→ **YOUR GOAL**:
Print the entries below again exactly as they stand, but skip any picture.

(Records from a data collection)
++++++++++
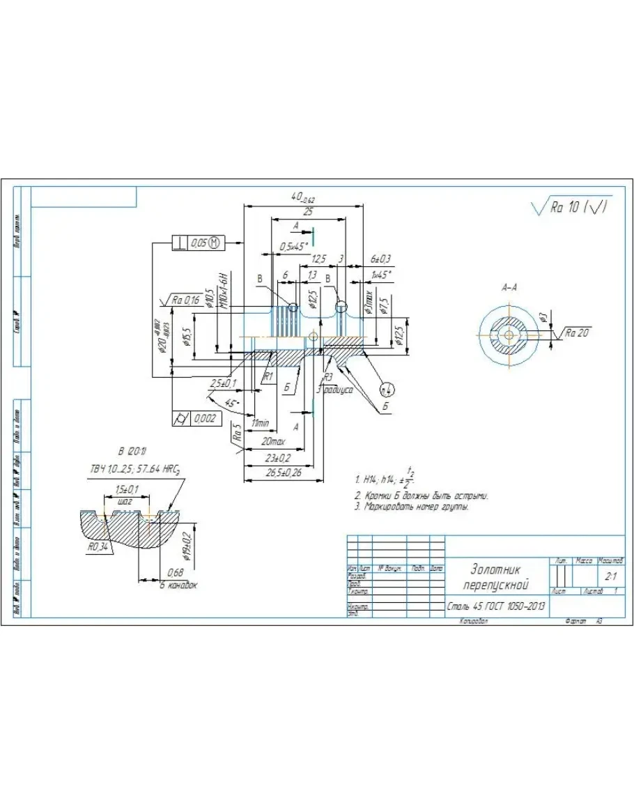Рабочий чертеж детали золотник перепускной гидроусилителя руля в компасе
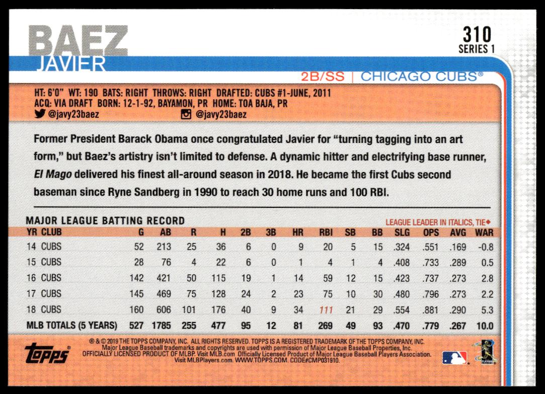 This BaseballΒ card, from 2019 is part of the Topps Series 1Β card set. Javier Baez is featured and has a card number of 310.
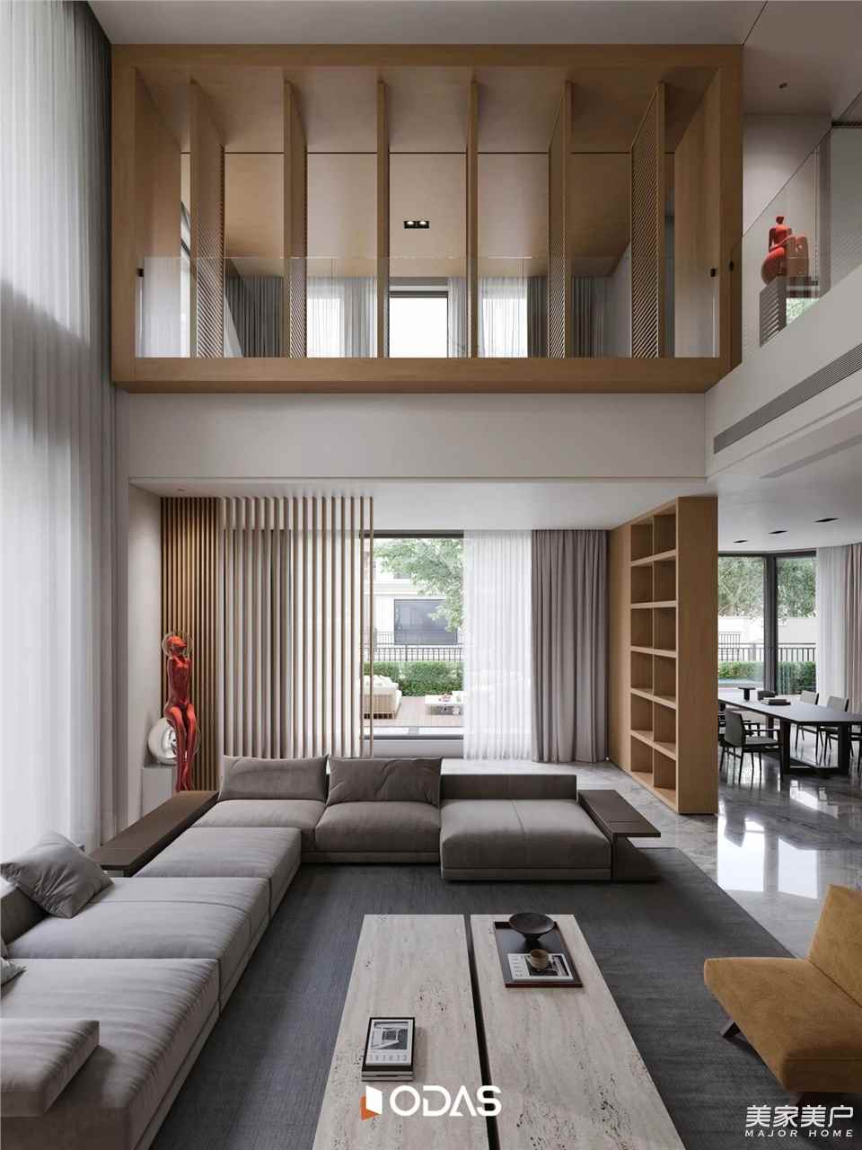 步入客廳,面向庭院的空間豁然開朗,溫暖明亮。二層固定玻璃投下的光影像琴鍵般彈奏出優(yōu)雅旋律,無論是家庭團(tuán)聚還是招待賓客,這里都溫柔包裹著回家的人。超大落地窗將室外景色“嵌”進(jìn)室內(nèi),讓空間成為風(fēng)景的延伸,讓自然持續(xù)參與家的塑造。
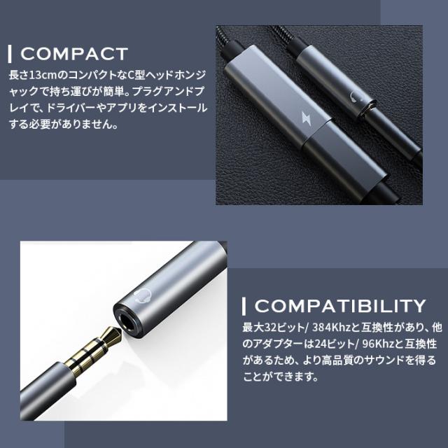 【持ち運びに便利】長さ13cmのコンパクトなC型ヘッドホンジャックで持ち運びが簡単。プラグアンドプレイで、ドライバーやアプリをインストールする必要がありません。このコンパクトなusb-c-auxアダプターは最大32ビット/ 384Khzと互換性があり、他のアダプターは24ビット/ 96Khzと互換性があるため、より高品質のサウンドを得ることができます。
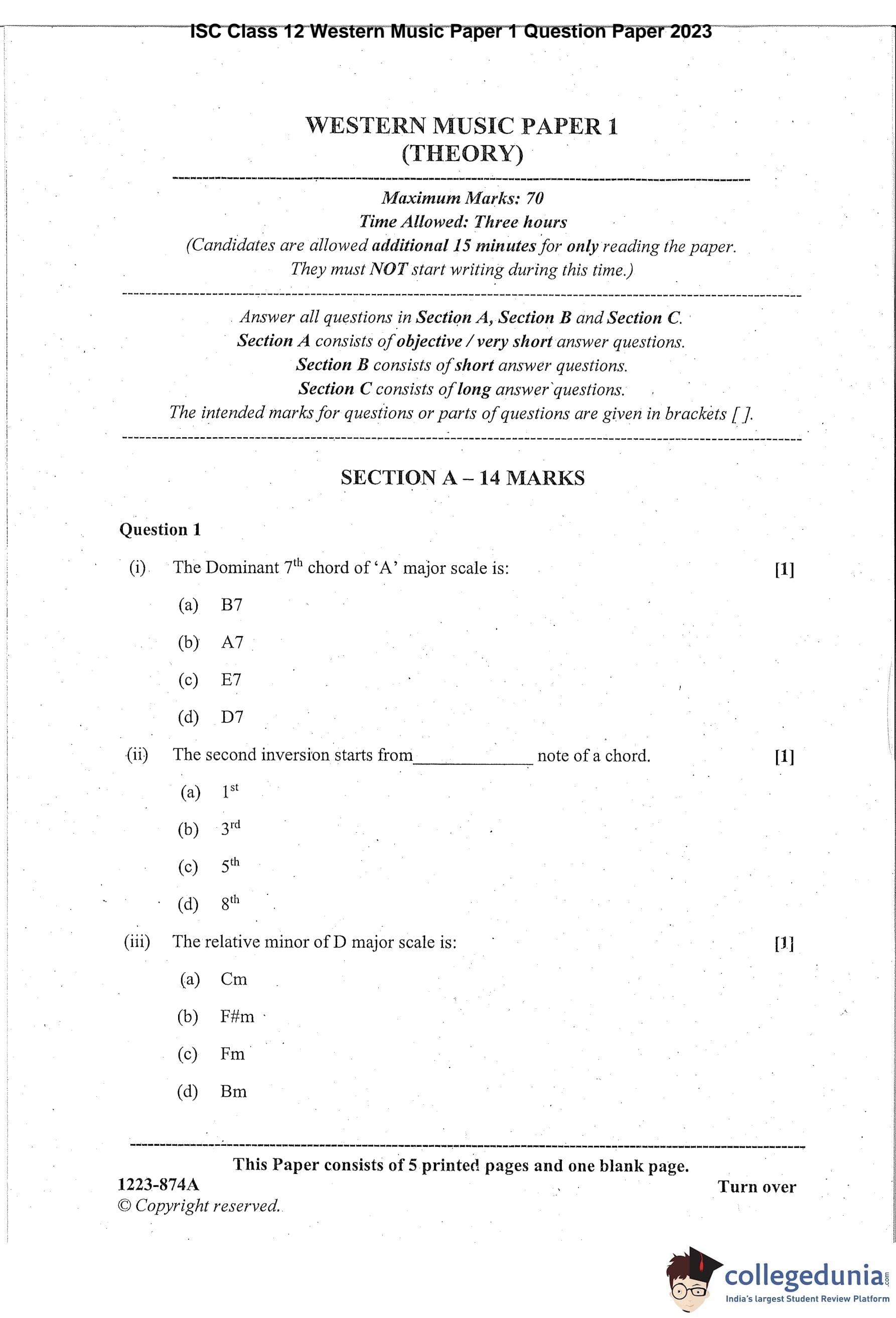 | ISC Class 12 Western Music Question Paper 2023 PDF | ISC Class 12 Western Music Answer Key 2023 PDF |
++++++++++
→ **FINISHED EXERCISE**:
Рабочий чертеж детали золотник перепускной гидроусилителя руля в компасе
 This BaseballΒ card, from 2019 is part of the Topps Series 1Β card set. Javier Baez is featured and has a card number of 310.
 步入客廳,面向庭院的空間豁然開朗,溫暖明亮。二層固定玻璃投下的光影像琴鍵般彈奏出優(yōu)雅旋律,無論是家庭團(tuán)聚還是招待賓客,這里都溫柔包裹著回家的人。超大落地窗將室外景色“嵌”進(jìn)室內(nèi),讓空間成為風(fēng)景的延伸,讓自然持續(xù)參與家的塑造。
 【持ち運びに便利】長さ13cmのコンパクトなC型ヘッドホンジャックで持ち運びが簡単。プラグアンドプレイで、ドライバーやアプリをインストールする必要がありません。このコンパクトなusb-c-auxアダプターは最大32ビット/ 384Khzと互換性があり、他のアダプターは24ビット/ 96Khzと互換性があるため、より高品質のサウンドを得ることができます。
 | ISC Class 12 Western Music Question Paper 2023 PDF | ISC Class 12 Western Music Answer Key 2023 PDF |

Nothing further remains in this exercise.